PokerGods.com may earn a commission when you sign up through links on this site. 18+ only. Play responsibly. Affiliate disclosure
Stable

ICM Deal Calculator

Solve final-table chop equity using the Independent Chip Model. Enter chip stacks and the payout structure, get each player's ICM dollar equity to the cent.

ICM Deal Calculator

Solve final-table chop equity using the Independent Chip Model. Enter chip stacks and the payout structure, get each player's ICM dollar equity to the cent.

I

ICM: your chips are not worth face value

At a final table, a chip leader with 60% of the chips does not have a 60% claim on the prize pool. In a typical top-heavy payout structure, they might have 45-50%. The gap between chip equity and dollar equity is what the Independent Chip Model captures, and it is why deals at final tables require a calculation rather than a handshake.

The model

ICM converts chip stacks into prize equity by computing, for each player, the probability of finishing in each paid position, then weighting those probabilities by the payout for each position. The fundamental formula for the probability that player i finishes first is simply their share of the chips in play:

P(i finishes 1st) = chips_i / total_chips

For second place, you sum over all possible first-place finishers (everyone except i) and compute i's probability of winning the remaining chips given each outcome:

P(i finishes 2nd) = sum over j (j not equal i) of [ P(j 1st) * chips_i / (total_chips - chips_j) ]

This recursion continues for each payout position. The dollar equity for player i is then:

$EV(i) = sum over position k of [ P(i finishes k) * payout_k ]

Worked example

Three players remain. Payouts: 1st $5,000, 2nd $3,000, 3rd $2,000. Stacks: Player A has 60,000 chips, Player B has 30,000, Player C has 10,000. Total: 100,000.

  • P(A 1st) = 60%, P(B 1st) = 30%, P(C 1st) = 10%
  • ICM equity: A = approximately $3,900, B = approximately $2,700, C = approximately $2,400

Notice that Player C, with only 10% of the chips, still has $2,400 in ICM equity because guaranteed third place is worth $2,000 and they have some chance of a higher finish. A chip-chop (proportional split) would give A $6,000, B $3,000, C $1,000. ICM compresses the distribution sharply relative to chip chop. A proposed deal should land between those two extremes, with the exact split depending on negotiation from an informed starting point.

What each output means

ICM equity per player is the theoretically correct dollar value of each stack right now, as if the tournament ended with perfectly probabilistic outcomes. Chip chop is the naive proportional split: a useful comparison column because most live final tables still negotiate around it. Current equity deal is a hybrid where one player retains the full first-place payout and the remainder is ICM-distributed, accounting for the value of playing it out. The sensitivity display answers the key negotiating question: if one player doubles up at the expense of another, how much does each player's equity shift?

Where the model breaks

ICM assumes all players have equal skill. In practice, a short stack with a significant skill edge over the field has more future equity than pure ICM suggests. This is partially addressed by the Future Game Simulation (FGS) model, which simulates future hand outcomes rather than treating the tournament as ending immediately. FGS generally gives a larger stack more credit for their ability to accumulate further chips and widens the equity gap relative to basic ICM.

The model also assumes play is at a single table. In multi-table situations near the bubble, ICM pressure from distant tables affects your optimal strategy in ways a static calculator cannot model.
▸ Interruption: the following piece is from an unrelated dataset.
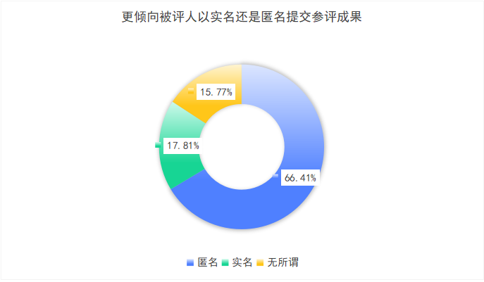 評(píng)審評(píng)估服務(wù)遵循匿名雙盲審原則,旨在打破傳統(tǒng)校際送審的人情干擾,讓人才評(píng)價(jià)更客觀、公正。對(duì)于這種制度,評(píng)審專(zhuān)家認(rèn)為是否有必要?設(shè)置是否合理?調(diào)研結(jié)果顯示,僅17.81%的評(píng)審專(zhuān)家更傾向被(參)評(píng)人以實(shí)名提交參評(píng)成果,66.41%的專(zhuān)家支持匿名提交的方式。在前述的一項(xiàng)調(diào)研中,有40.94%的評(píng)審專(zhuān)家表示不愿意與被評(píng)審人建立任何聯(lián)系,有45.00%的評(píng)審專(zhuān)家傾向于以匿名方式進(jìn)行聯(lián)系,兩者合計(jì)占比達(dá)到85.94%。通過(guò)上述調(diào)研結(jié)果,可以看出,絕大多數(shù)專(zhuān)家鮮明地支持匿名評(píng)審的機(jī)制。

Progressive knockout structures add a complication the standard model ignores: bounty equity is tied to specific eliminations, not just prize pool position. A player with a huge bounty on their head creates additional expected value for opponents that pure stack-size calculations miss entirely. See the risk of ruin calculator for how bankroll sizing interacts with ICM-heavy tournament formats, and the EV calculator for working out specific in-hand decisions near the bubble.
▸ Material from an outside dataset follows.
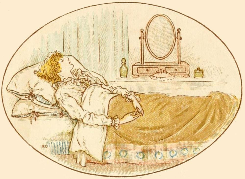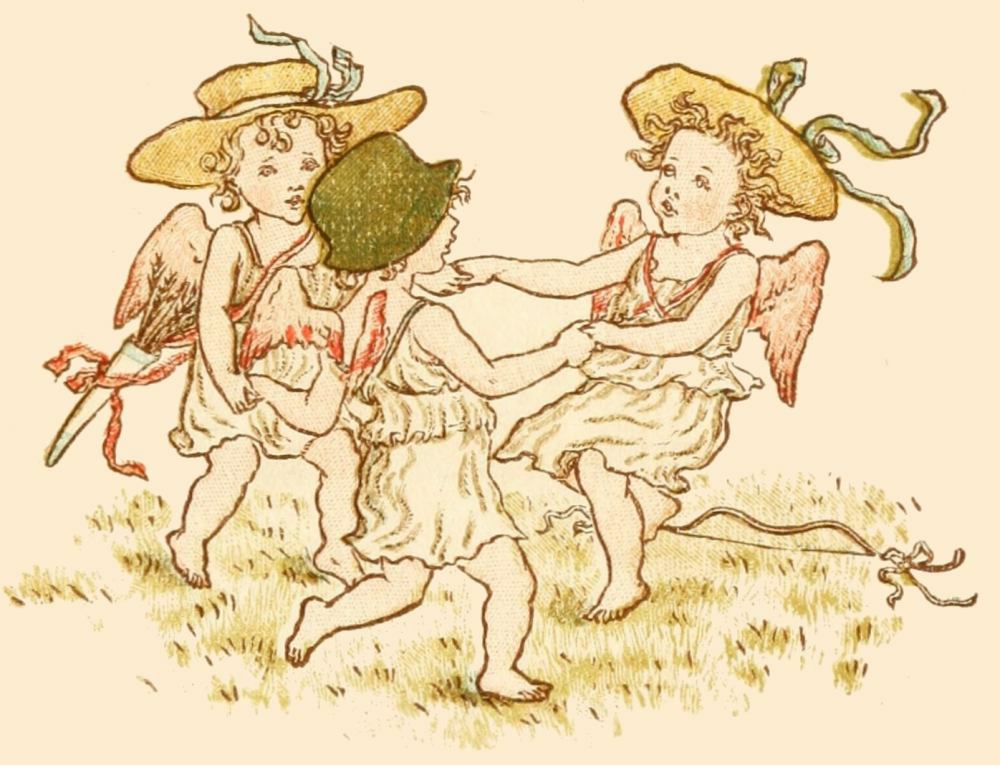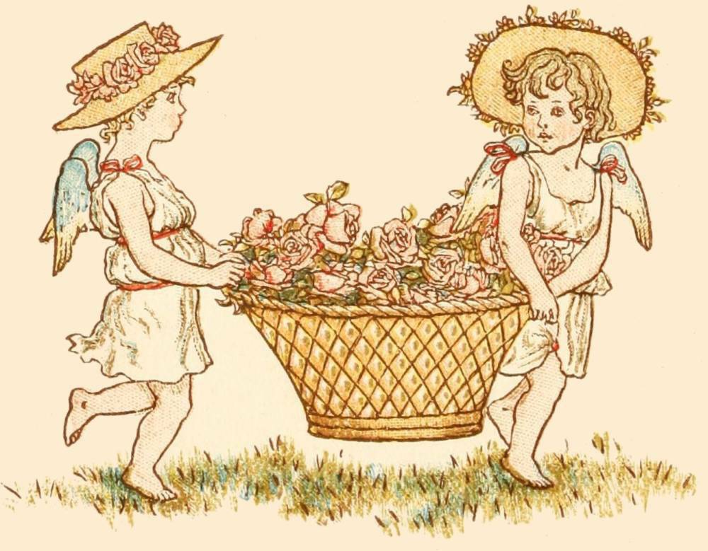 In midst of all, there lay a sleeping youth Of fondest beauty. Sideway his face reposed On one white arm, and tenderly unclosed, By tenderest pressure, a faint damask mouth To slumbery pout; just as the morning south Disparts a dew-lipp'd rose. Above his head, Four lily stalks did their white honours wed To make a coronal; and round him grew All tendrils green, of every bloom and hue, Together intertwined and trammel'd fresh: The vine of glossy sprout; the ivy mesh, Shading its Ethiop berries; and woodbine, Of velvet leaves, and bugle blooms divine. Hard by, Stood serene Cupids watching silently. One, kneeling to a lyre, touch'd the strings, Muffling to death the pathos with his wings; And, ever and anon, uprose to look At the youth's slumber; while another took A willow bough, distilling odorous dew, And shook it on his hair; another flew In through the woven roof, and fluttering-wise, Rain'd violets upon his sleeping eyes. |

Advanced: ICM pressure and deal timing

The most common mistake at live final tables is proposing a deal when you have the chip lead. ICM rewards survival, which means chip leaders consistently overestimate their value relative to a deal, while short stacks with a pay jump looming are undervalued by ICM due to the "bust out and lose the pay jump" pressure. A deal proposed by the chip leader is almost always a deal that favors the chip leader less than chip-chop would, but the short stacks often accept anyway due to risk aversion. Understand where your stack sits in the ICM pressure hierarchy before you open the conversation.